我有一个生成模拟打字的程序。该程序获取用户输入文件位置的位置以及文件和扩展名。然后使用迭代将文件分解并将其放入数组中。
def file_to_array(file)
empty = []
File.foreach("#{file}") do |line|
empty << line.to_s.split('')
end
return empty.flatten!
end
当程序运行时,它会将密钥发送到文本区域以模拟通过win32ole
进行的输入。
在5,000个字符之后,内存开销太大,程序开始变慢。过去5,000个字符越慢。有没有办法可以优化它?
- 编辑 -
require 'Benchmark'
def file_to_array(file)
empty = []
File.foreach(file) do |line|
empty << line.to_s.split('')
end
return empty.flatten!
end
def file_to_array_2(file)
File.read(file).split('')
end
file = 'xxx'
Benchmark.bm do |results|
results.report { print file_to_array(file) }
results.report { print file_to_array_2(file) }
end
user system total real
0.234000 0.000000 0.234000 ( 0.787020)
0.218000 0.000000 0.218000 ( 1.917185)
答案 0 :(得分:2)
我做了我的基准测试和个人资料,这里是代码:
#!/usr/bin/env ruby
require 'benchmark'
require 'rubygems'
require 'ruby-prof'
def ftoa_1(path)
empty = []
File.foreach(path) do |line|
empty << line.to_s.split('')
end
return empty.flatten!
end
def ftoa_2(path)
File.read(path).split('')
end
def ftoa_3(path)
File.read(path).chars
end
def ftoa_4(path)
File.open(path) { |f| f.each_char.to_a }
end
GC.start
GC.disable
Benchmark.bm(6) do |x|
1.upto(4) do |n|
x.report("ftoa_#{n}") {send("ftoa_#{n}", ARGV[0])}
end
end
1.upto(4) do |n|
puts "\nProfiling ftoa_#{n} ...\n"
result = RubyProf.profile do
send("ftoa_#{n}", ARGV[0])
end
RubyProf::FlatPrinter.new(result).print($stdout)
end
这是我的结果:
user system total real
ftoa_1 2.090000 0.160000 2.250000 ( 2.250350)

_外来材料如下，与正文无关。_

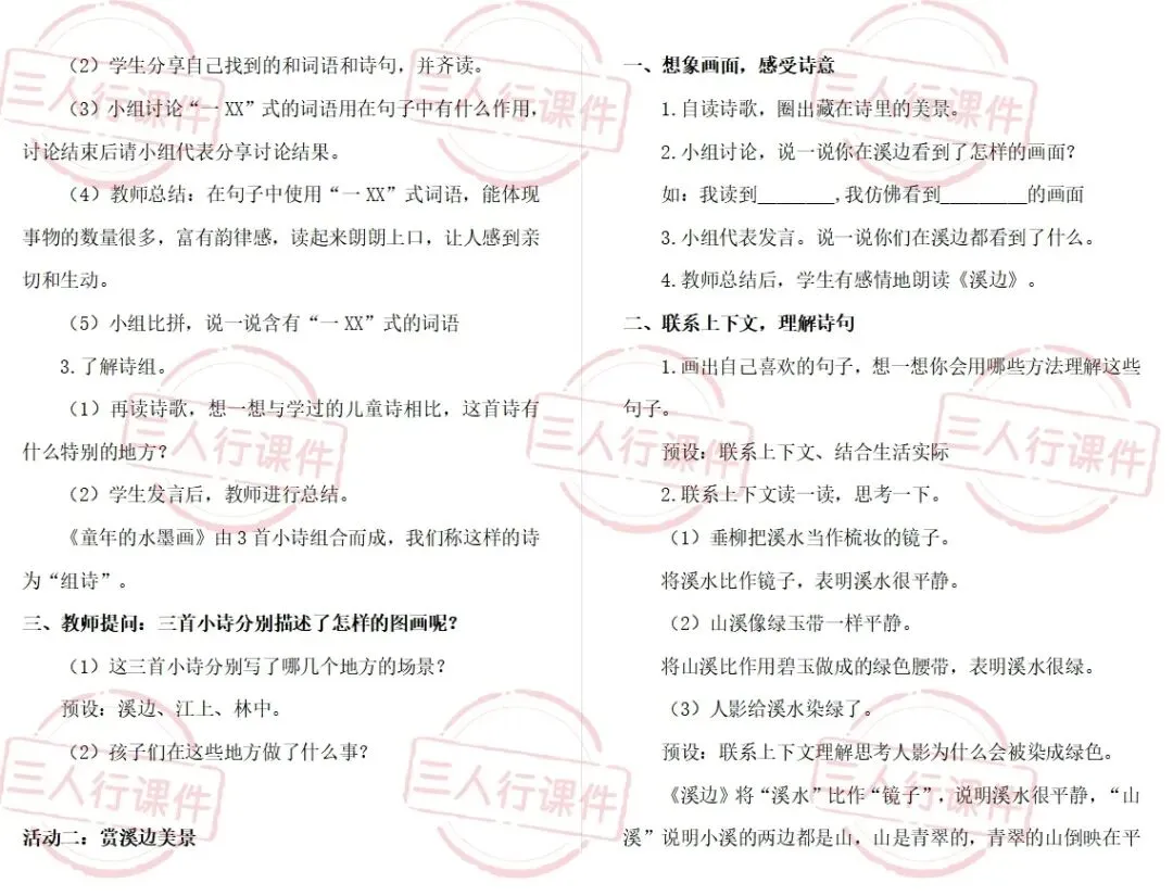 2.小组讨论,说一说你在溪边看到了怎样的画面?

ftoa_2 1.540000 0.090000 1.630000 ( 1.632173)
ftoa_3 0.420000 0.080000 0.500000 ( 0.505286)
ftoa_4 0.550000 0.090000 0.640000 ( 0.630003)
Profiling ftoa_1 ...
Measure Mode: wall_time
Thread ID: 70190654290440
Fiber ID: 70189795562220
Total: 2.571306
Sort by: self_time
%self total self wait child calls name
83.39 2.144 2.144 0.000 0.000 103930 String#split
12.52 0.322 0.322 0.000 0.000 1 Array#flatten!
3.52 2.249 0.090 0.000 2.159 1 <Class::IO>#foreach
0.57 0.015 0.015 0.000 0.000 103930 String#to_s
0.00 2.571 0.000 0.000 2.571 1 Global#[No method]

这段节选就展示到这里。